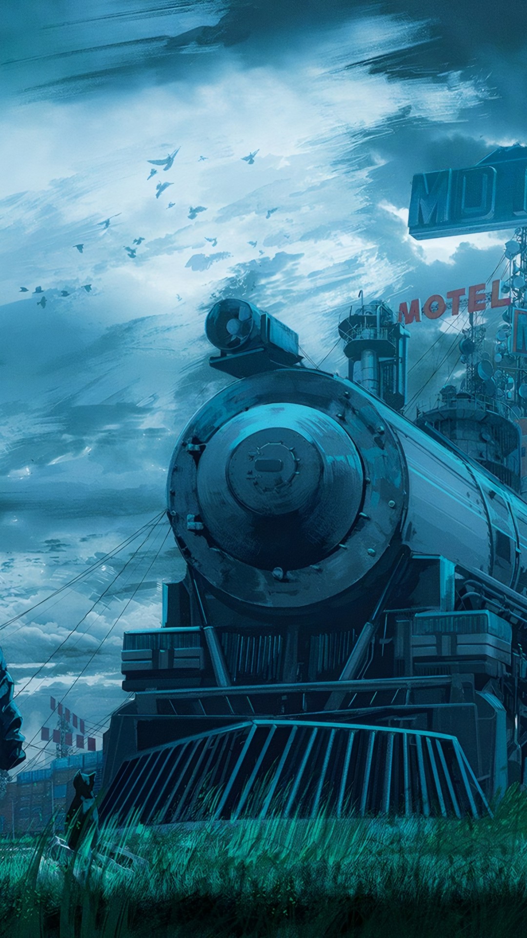 Girl Train Motel Grass Artwork Wallpaper - 1080x1920
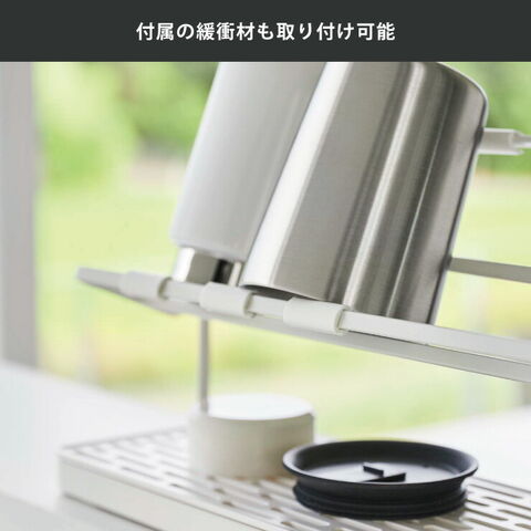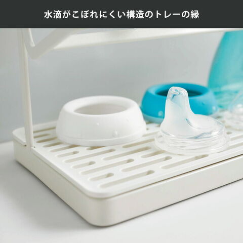 哺乳瓶やマグボトルを干せる便利な水切りラック本体と触れる部分に付属の緩衝材を取り付けることもできますトレーの縁は水滴などがこぼれにくい構造です容器は分解できるので洗って清潔に保てますシンクやキッチンカウンターなど好みの場所に
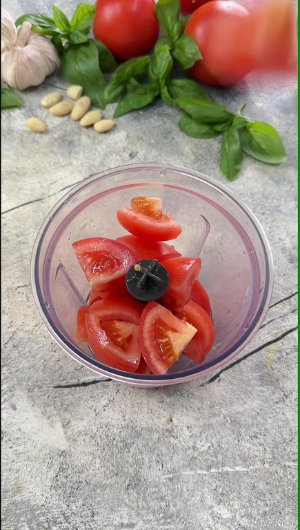 Para preparar la pasta fría con pesto a la trapanesa, empieza con poner la pasta en abundante agua con sal y mientras tanto prepara el pesto. Corta los tomates de manera gruesa.
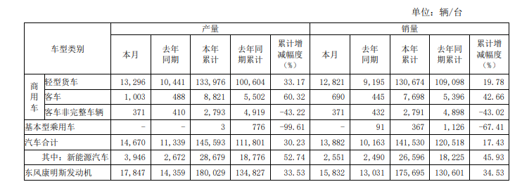东风汽车:前11月汽车销量14.15万辆,同比增长17.43%
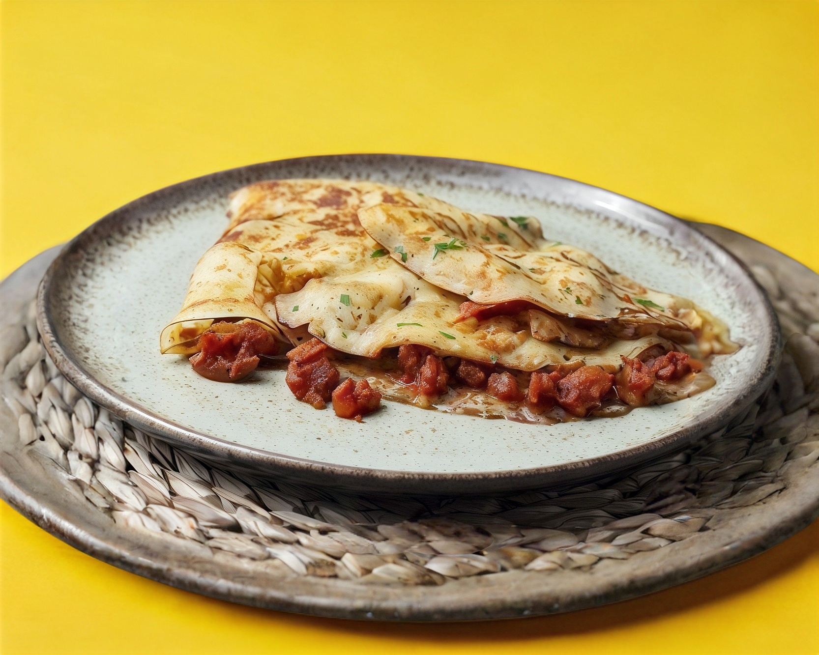 CREPA ELABORADA A BASE DE HARINA DE TRIGO, RELLENA DE QUESO MANCHEGO CON TINGA (NIVEL DE PICANTE MEDIO)

▶ _PROMPT_:
Pictures are not part of the copy. Output only the lines from the one with "Para preparar la" through the final line of the records, exactly as given.

▶ _REPLY TO THE EXERCISE_:
 Para preparar la pasta fría con pesto a la trapanesa, empieza con poner la pasta en abundante agua con sal y mientras tanto prepara el pesto. Corta los tomates de manera gruesa.
东风汽车:前11月汽车销量14.15万辆,同比增长17.43%
 CREPA ELABORADA A BASE DE HARINA DE TRIGO, RELLENA DE QUESO MANCHEGO CON TINGA (NIVEL DE PICANTE MEDIO)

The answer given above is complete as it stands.